|Jan 11, 2007, 10:38 PM|
Learning to Fly: EasyStar
This is the first branch of a larger project I started over in the Beginner forum. Over there I sort of ran through my thought process on selecting a plane that would be forgiving of my inexperience.
At some point in December, Aeropal had posted a link showing that EasyStar RTFs were going for ~$150 at Tower Hobbies. That looked like a good deal, and within a week, my early Christmas present to myself arrived.
Now, perhaps my commentary on the EasyStar belongs in the "Megathread," but the Megathread is a happy place, and I have a few things to get off my chest first so I'd rather not spoil the mood in there. I doubt Tower is the culprit as my issues probably are with the manufacturer and not the distributor, but at any rate, let me have my little rant. If you don't want to read it, then move on. I'll let you all know when its over. Things will get happier I promise.
First, the instructions. My guess is that a key constituent of the RTF market is the "absolute beginner" who may know little about the intricacies of model airplane building--so as someone who used to write lab procedures, I was particularly offended by this document.
"3. Adjusting the servo linkages
Set the servos and control surfaces to "neutral" (centre), then tighten the screws in the pushrod connectors to secure the wire pushrods."

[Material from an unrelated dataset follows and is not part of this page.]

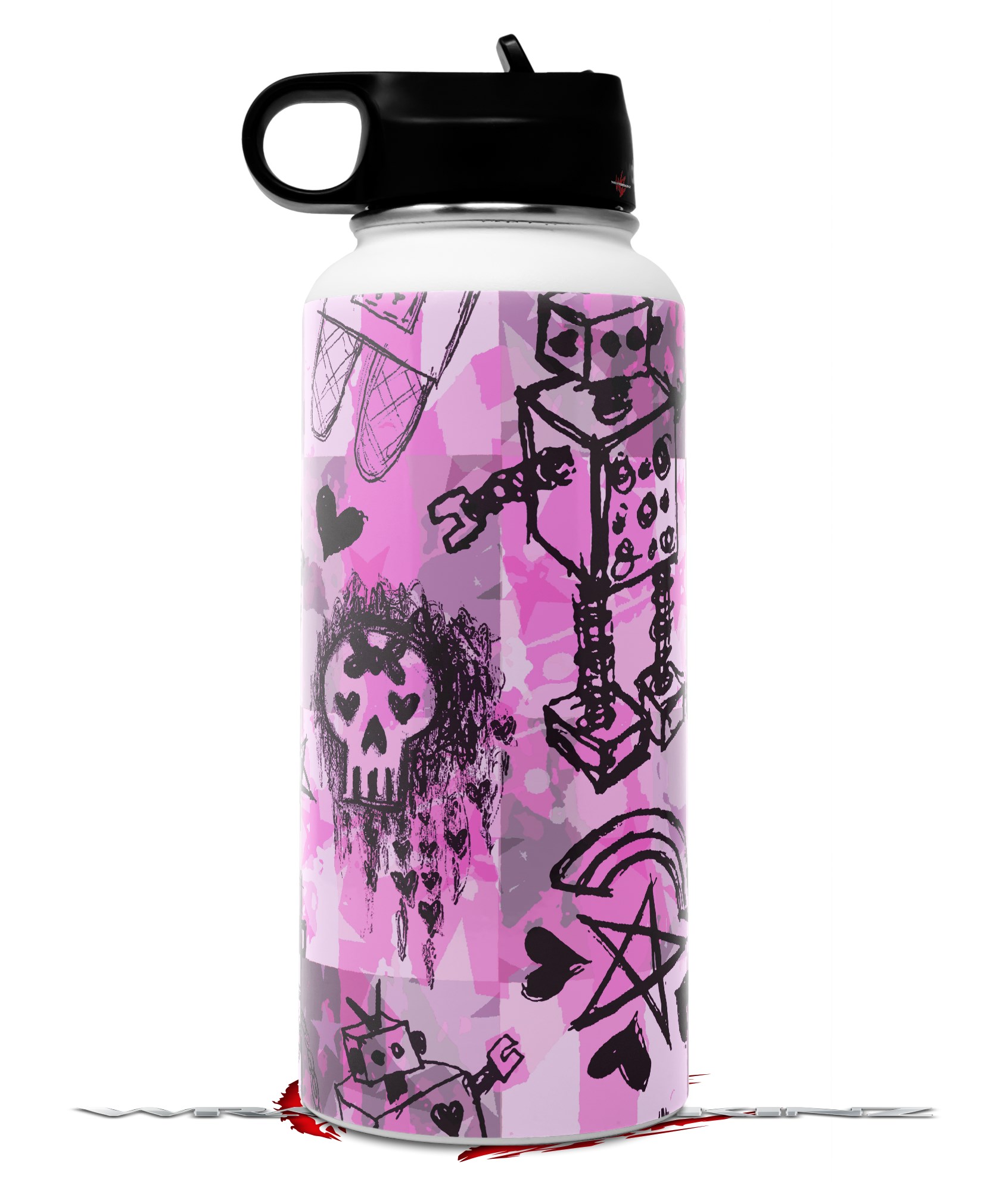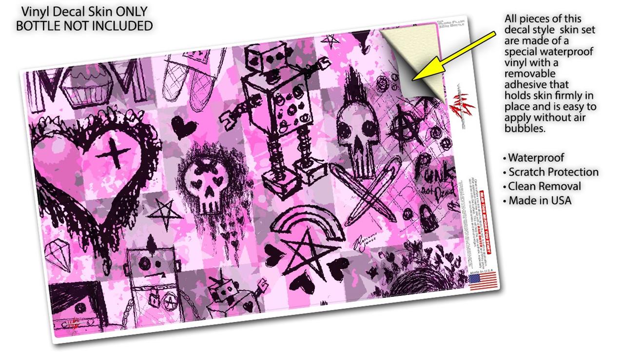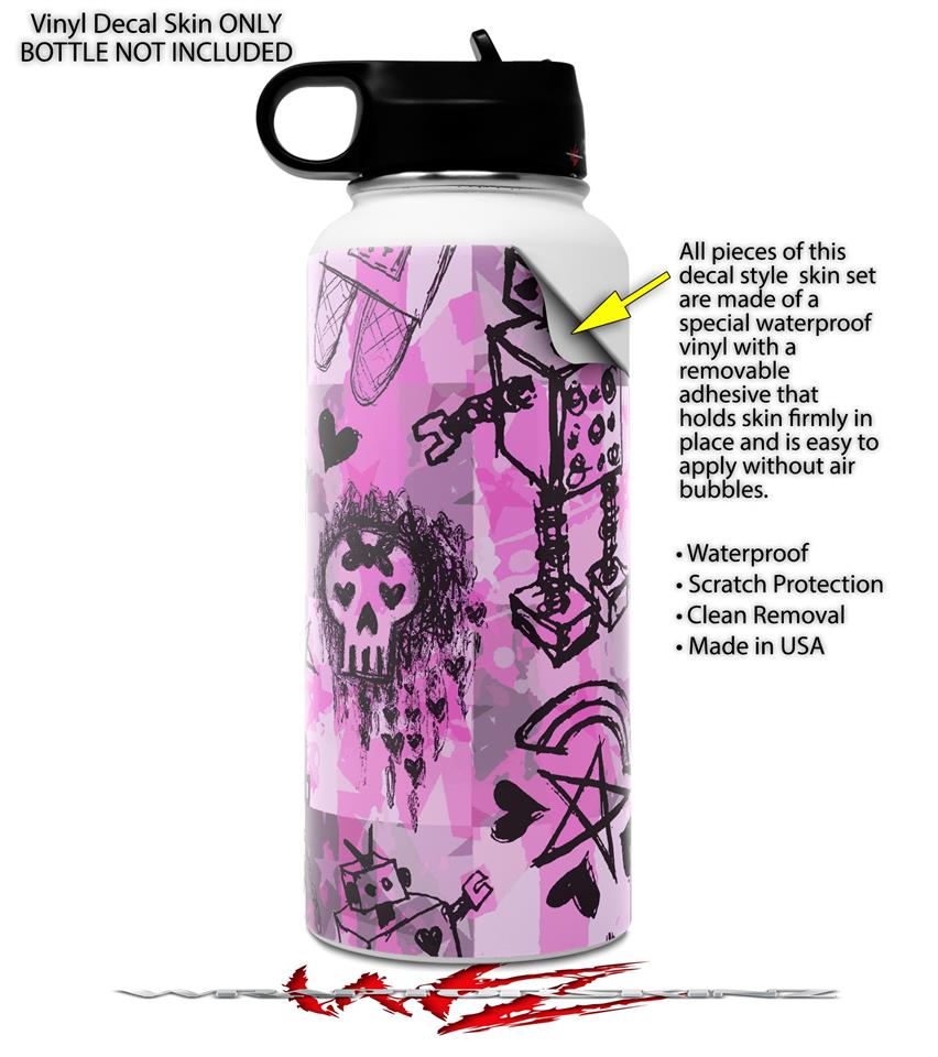 Skin Wrap Decal compatible with Hydro Flask Wide Mouth Bottle 32oz Scene Kid Sketches Pink (BOTTLE NOT INCLUDED)
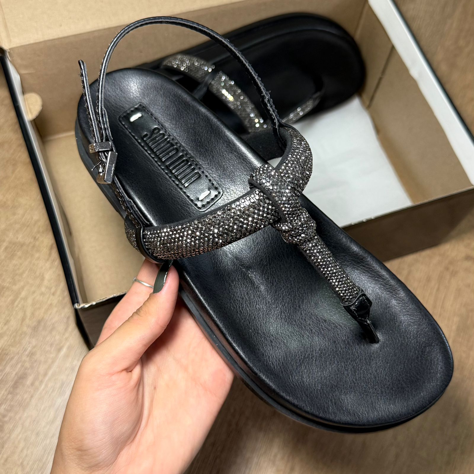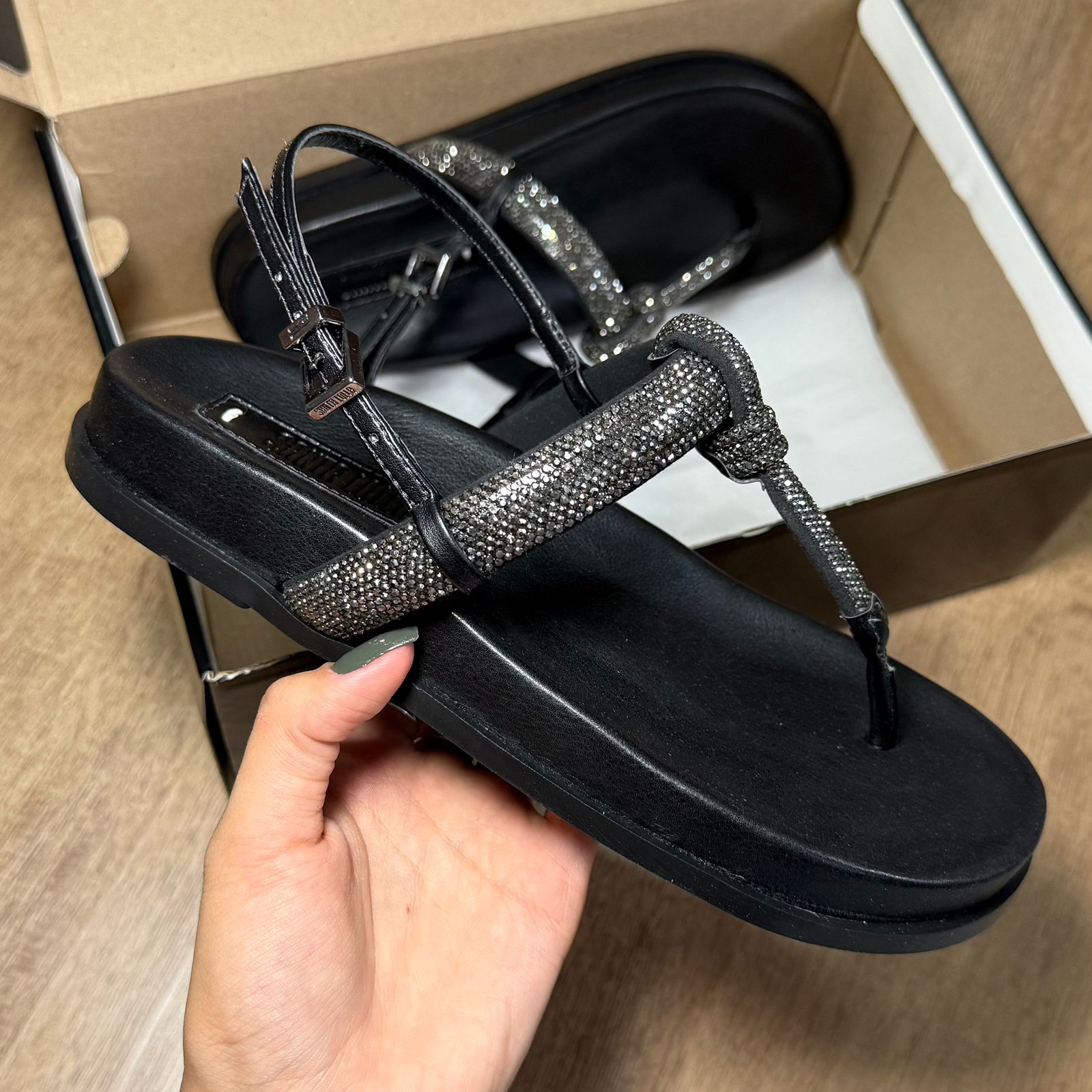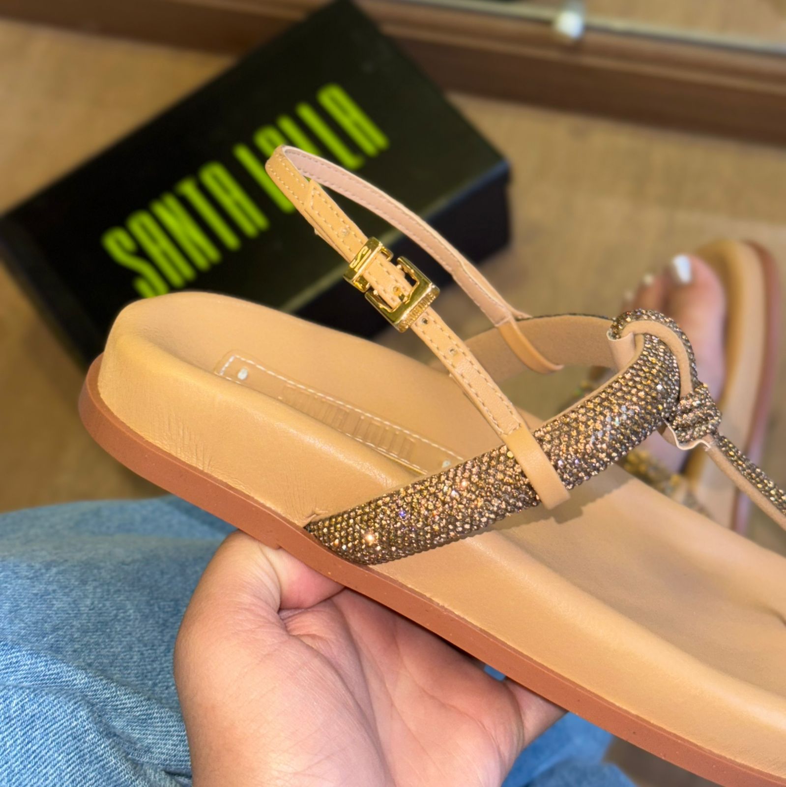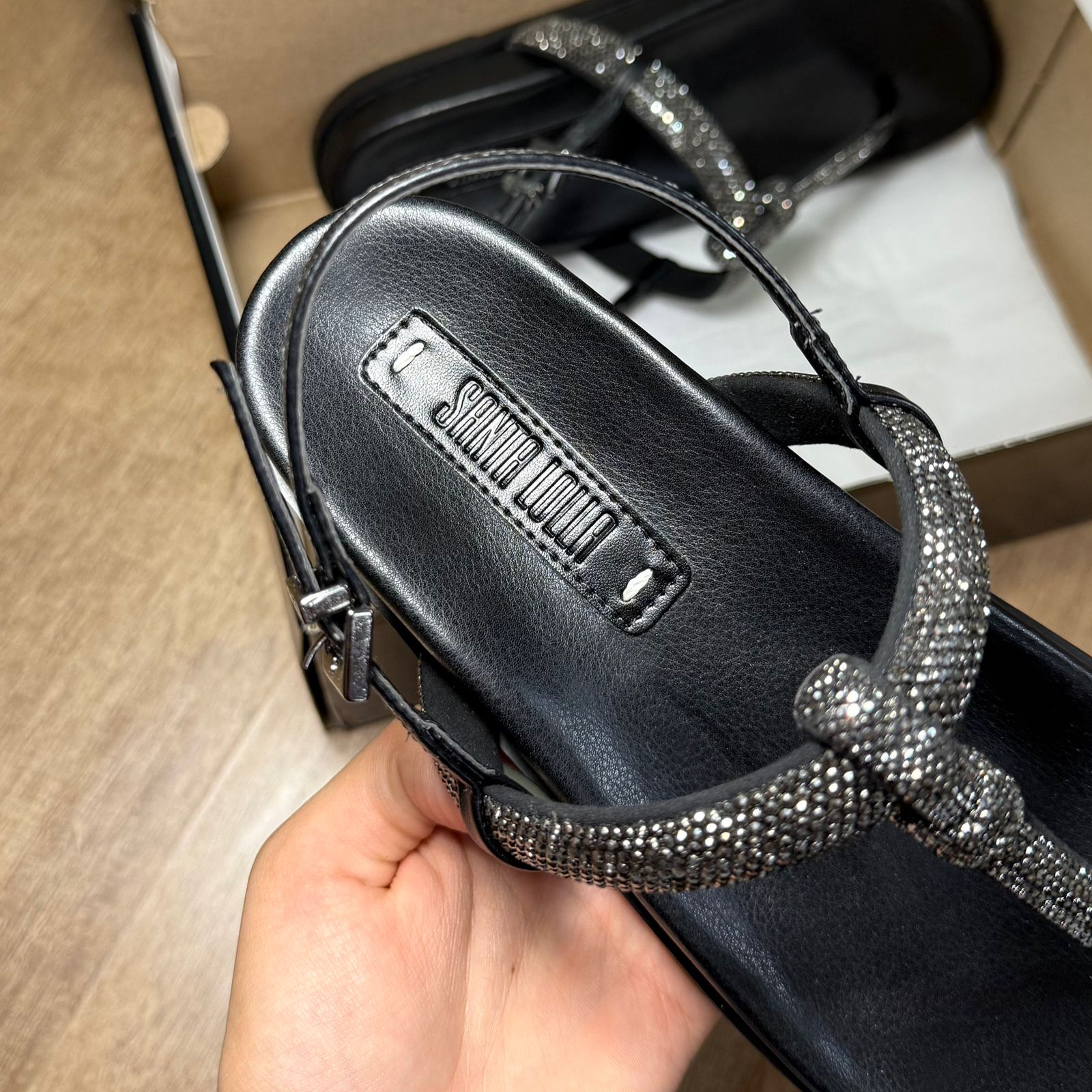 A Sandália Papete Santa Lolla é o equilíbrio perfeito entre conforto e glamour. Com design moderno e tiras adornadas com strass reluzentes, ela transforma qualquer look com um toque de elegância e brilho na medida certa.

After spending a few weeks lurking I had picked up on some of the lingo, which was fortunate because I just know there are folks who buy one of these for Christmas and scratch their head, "What's a servo? Pushrod?" There's not a single illustration of this rather important step or how its performed (with the cool little allen key in the plastic baggie).
There may be some helpful illustrations (Fig A, B, C, through F) on how to operate the EasyStar, but they are cited in text and do not actually appear in the instructions A google search turned up a page of illustrations, and I believe that they were at the Multiplex website, but how this page or its figures do not end up in the manual is curious to me.
And as another beginner (whose name escapes me at the moment) also noted, if you follow the instructions to the letter, you may find your aircraft curiously wingless That's right no mention of the how to connect the wings with the spar.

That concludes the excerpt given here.